Why wouldn't you do that??


----------



## splatz (May 23, 2015)

The OP didn't say he's applying to any union local. Are there locals that look at their prospects' grades in algebra? I thought they just looked at test scores. 

If he takes an algebra course it won't change his high school grades, but it could get him a higher score on the test that, depending on the local, might help him get in the union. Anyone looking to start in the field should be looking at the IBEW as the gold standard for training and compensation. 

But let's be real, in many of the most exclusive and desirable locals, including one that has been mentioned, you could have Isaac Newton's scores and grades in algebra, and you're not getting in unless there's an Ebeneezer Newton member getting you in. Unless maybe if you can token for some checkbox they're looking to check off.


----------



## oldsparky52 (Feb 25, 2020)

splatz said:


> But let's be real, in many of the most exclusive and desirable locals, including one that has been mentioned, you could have Isaac Newton's scores and grades in algebra, and you're not getting in unless there's an Ebeneezer Newton member getting you in.

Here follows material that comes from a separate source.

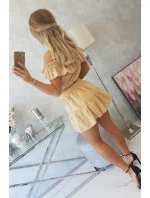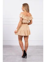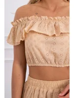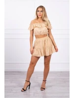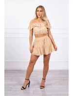 Vyšívaná souprava s puntíkovanou halenkou béžové barvy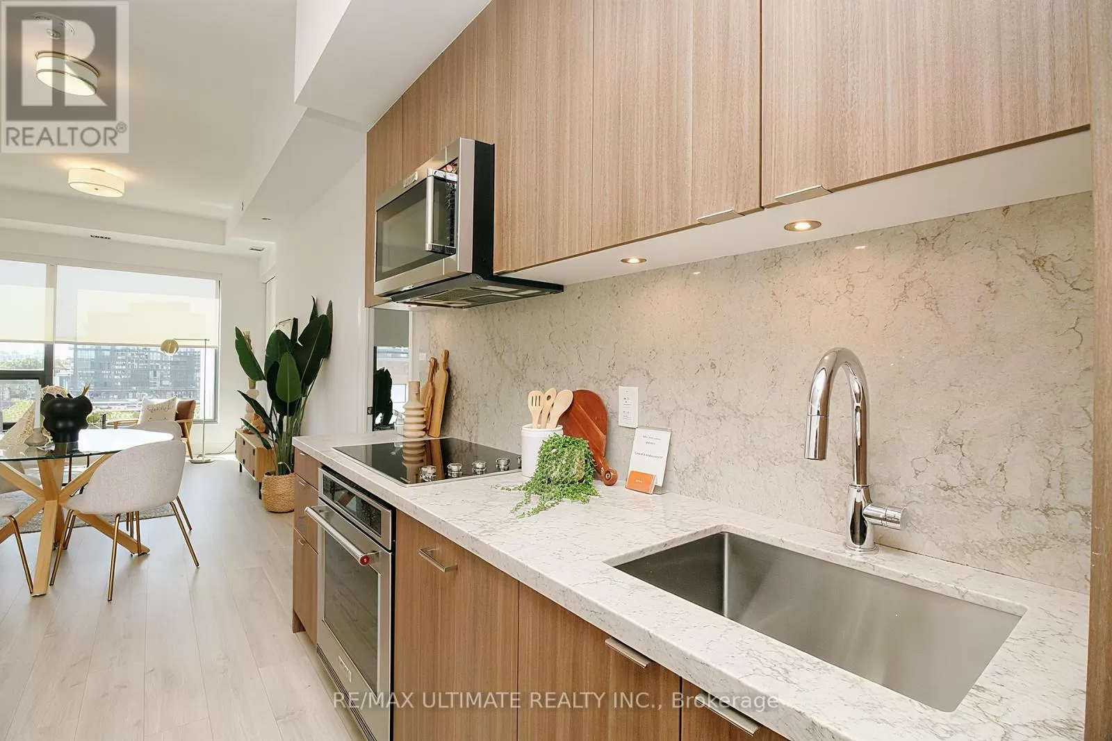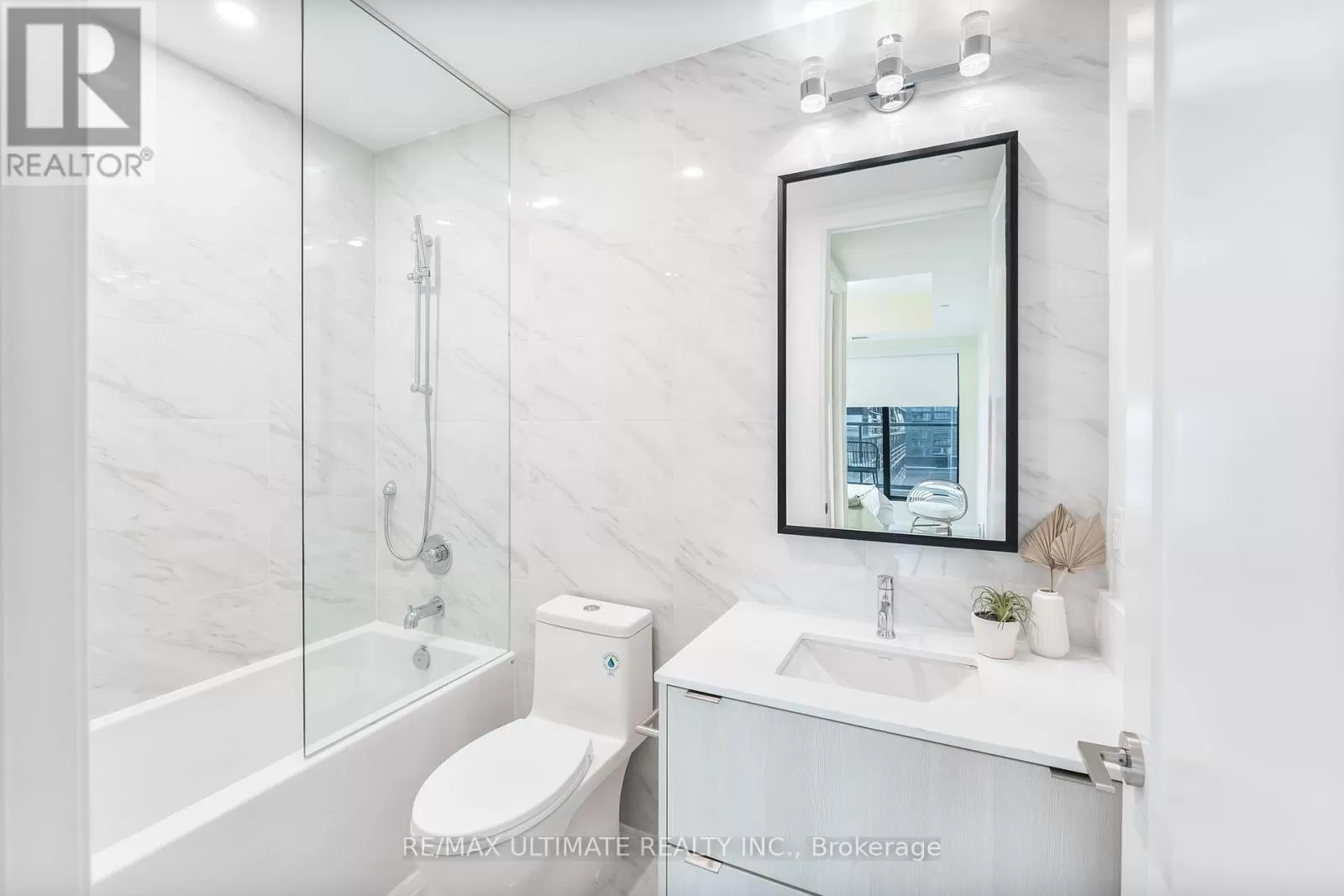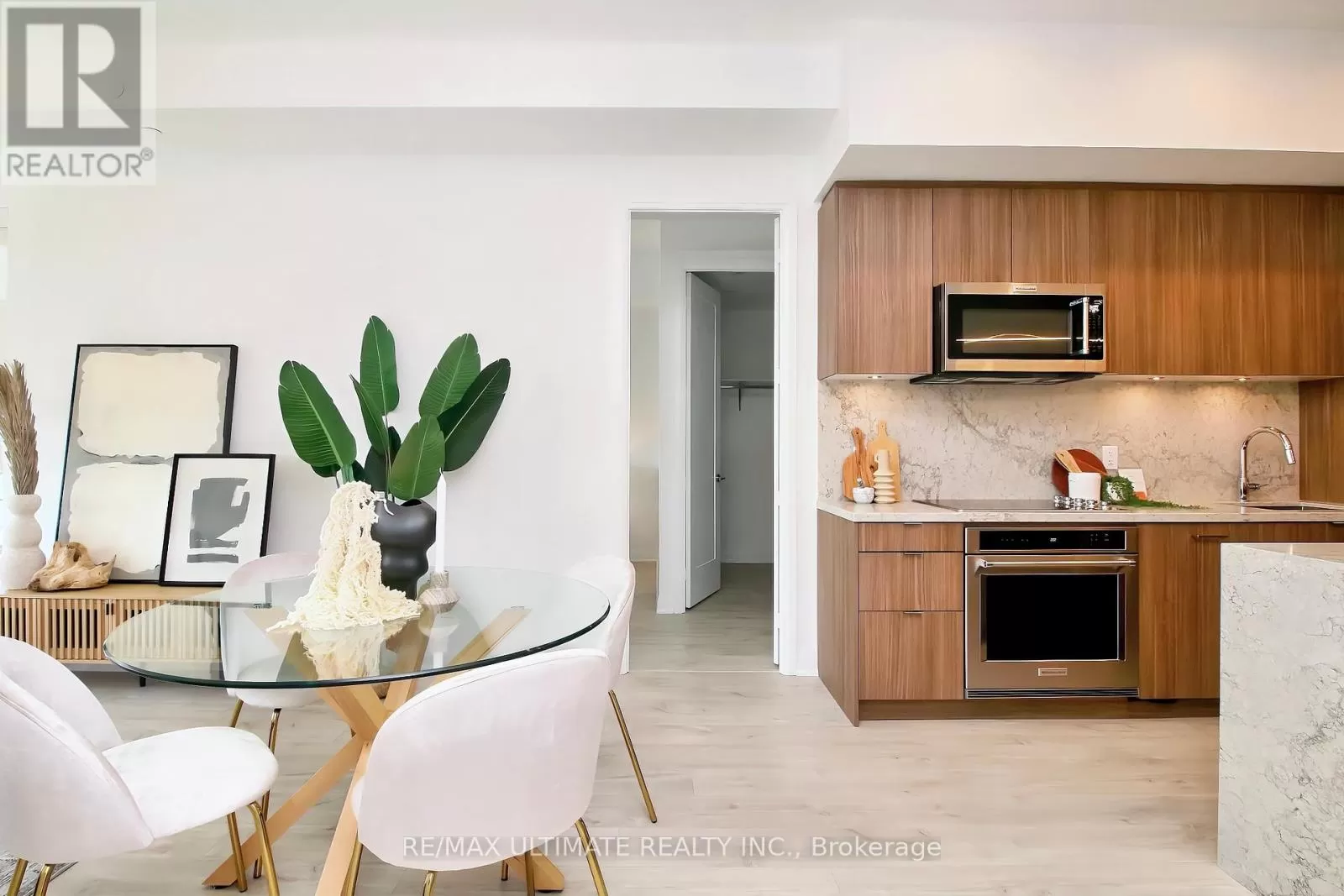 Dupont & Bathurst This showstopper is best experienced in person! Spanning 1,147 sq. ft., this 2-bedroom, 2.5-bath gem features soaring 10 ft. ceilings, two west-facing balconies that fills every space with natural light and a l-shaped layout designed for both style and practicality. The chefs kitchen features an 8-foot island, integrated high-end appliances, and ample cabinetry and a pantry making it both functional and stylish. The split bedroom layout provides privacy for each bedroom, both with a walk-in closet and an upgraded ensuite. The perfectly positioned den creates an grand welcoming and provides the perfect private space for a home office. Enjoy the added convenience of an large laundry room with utility sink and storage, a 4x10x10 private storage room, and a prime underground parking located close to the elevator without neighbouring spaces. The Bianca built with quality in 2021 by Tridel is the epitome of elegance and functionality in the heart of The Annex. It's Art-Deco style architecture and interior design flows through the building sparkling with marble and brass and with a lobby so grand you'll think you're visiting a luxury hotel. With luxurious amenities you'll actually use, as the owner you'll benefit from the exclusive use of a rooftop terrace with an infinity pool, state-of-the-art gym, yoga studio, guest suites and more. Pictures don't do this unit and building justice! Book your appointment today and experience luxury living at it's nest! (id:27476)

That ^ was the cause of my early anti-union feelings. They have moderated.


----------



## ohm it hertz (Dec 2, 2020)

Southeast Power said:


> Great advice if you want to be a bottom feeder.
> You know your weakness, work on it. Ace it, become the algebra guru.
> Why wouldn't you do that??


Hey, I never said the OP shouldn't ace algebra. I _did_ say they can start out in the trade with a voc school and a private company until they figure it out. 

Better than nothing.


----------



## SWDweller (Dec 9, 2020)

Your not real clear on who is wanting a C grade. What was the driving reason for doing so poorly? If you did not apply your self then take classes, if it did not make any sense then get a tutor. I had to have one for algerbra to pass the high school class. Not really sure why it was necessary I never use it any more.

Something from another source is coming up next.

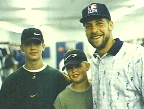 He’s been pitching for my Braves as long as I can remember rooting for them, and watching the ovation he received at Turner Field tonight after #3,000 brought tears to my eyes. It also made me extra-happy that my baseball boyfriend Brian McCann is catching the game – he’s from Georgia and grew up watching Smoltz and dreaming about catching him, and that he gets to do it on such an historic night must be a great feeling for him. I found this picture a couple years ago online – Smoltz meeting McCann when he was just a kid (that’s Brian in the middle):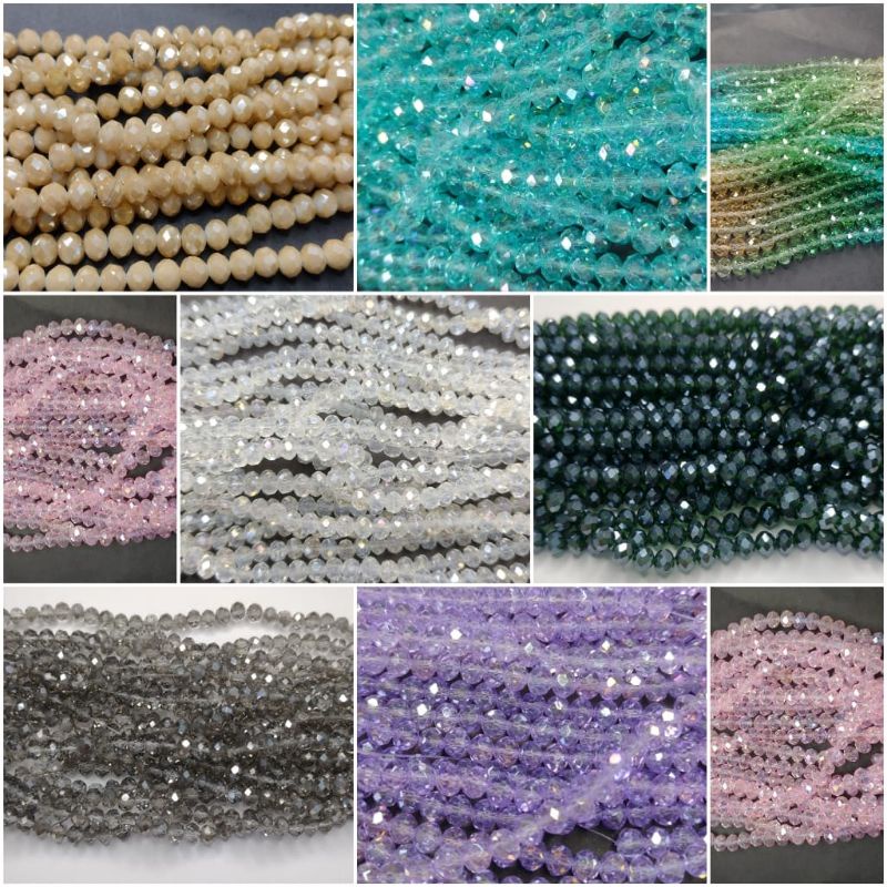 Fio de cristal facetado de vidro flat 6mm cerca de 85 A 90 contas por fio - Montagem de terços, pulseiras, tiaras, guias, japamalas semijoias em geral (ANÚNCIO 1)

I never saw the need for all the higher math. What I did for decades it was much more important to be able to bend pipe correctly than anything else. Learning the ins and outs of a tape measure was far more important. It is not like the average worker is doing fault, or arc flash studies. They are adding subtracting and a bit of division for the daily work. 

I was no wiz at algerbra did well with geometry. Learn the 3-4-5 triangle so you can do lay out and the bosses will be happy.


----------



## oldsparky52 (Feb 25, 2020)

SWDweller said:


> I had to have one for algerbra to pass the high school class. Not really sure why it was necessary I never use it any more.

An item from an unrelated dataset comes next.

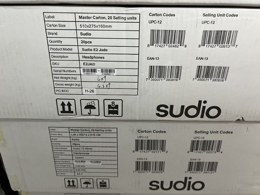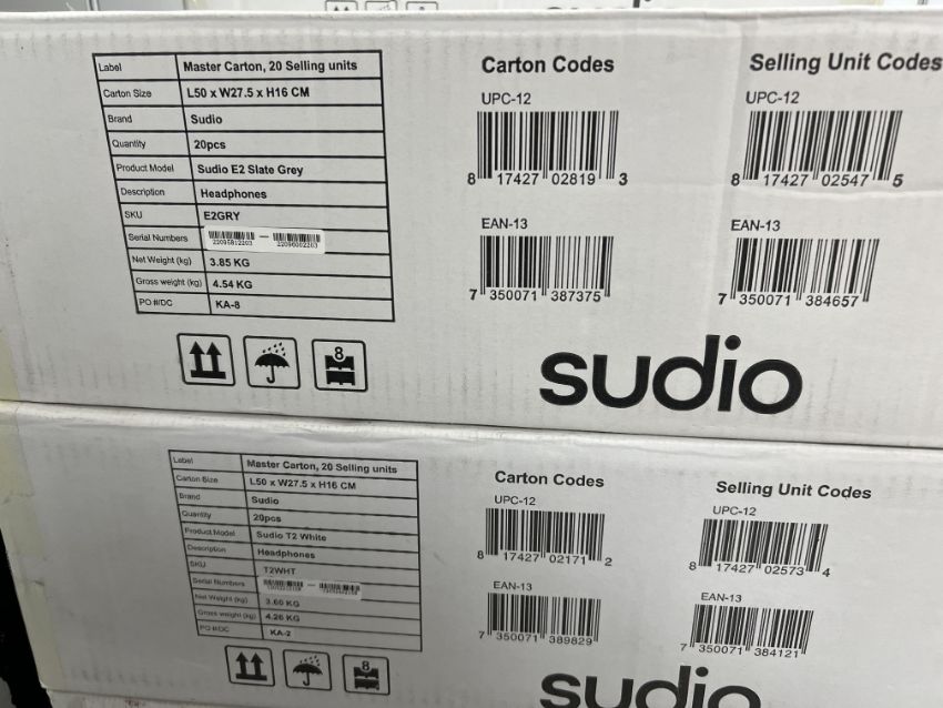 A large quantity of Sudio wireless earbuds (Aprox. 400 pairs. Assorted models. Customer returns, some items faulty) (Sold as seen)

IMO the higher math classes (like Algebra and Geometry) teach one to think and reason. I bet you use what your learned from those classes without realizing it. 

I did well in both in high school (trig also). I thought I was hot stuff. Then, 1st year of college, took Calculus and hit a brick wall. F of what? Huh?


----------



## Easy (Oct 18, 2017)

Math is an important part of the trade but it's not the only trait needed to be an electrician. I got a D in algebra and an B in geometry. In high school it might just have been a bad teacher or lack of interest but it's not something to worry about if you want to get into the trade. I don't really like the term "bottom feeder" but it is what it is. Most of the work an electrician does is simply installation of components and understanding how they function. 

To make a long story short.

It depends on how far you want to advance in the trade and how how much physical labor you want to be doing when you get to be an old person. Having good math skills is important and it might even help you land a job in some cases. Especially if you are required to do programing and other things that require advanced math. Algebra will also be important when you take your test to become a journeyman. 

You could be a math wiz and still not work out in the electrical trade if you are lazy, afraid of heights, have a bad memory or just don't have poor skills working with your hands. 
Most of the jobs that are posted on sites like indeed what Journeyman electricians so Algebra would be something to focus on. 

We all play an important part in the trade and it's a craft that takes many years to learn. I have met several Journeyman electricians that just don't cut the mustard and probably got an A in algebra.


----------



## MechanicalDVR (Dec 29, 2007)

Welcome aboard @jhoanreyes!

Take an online remedial algebra class and you should be fine.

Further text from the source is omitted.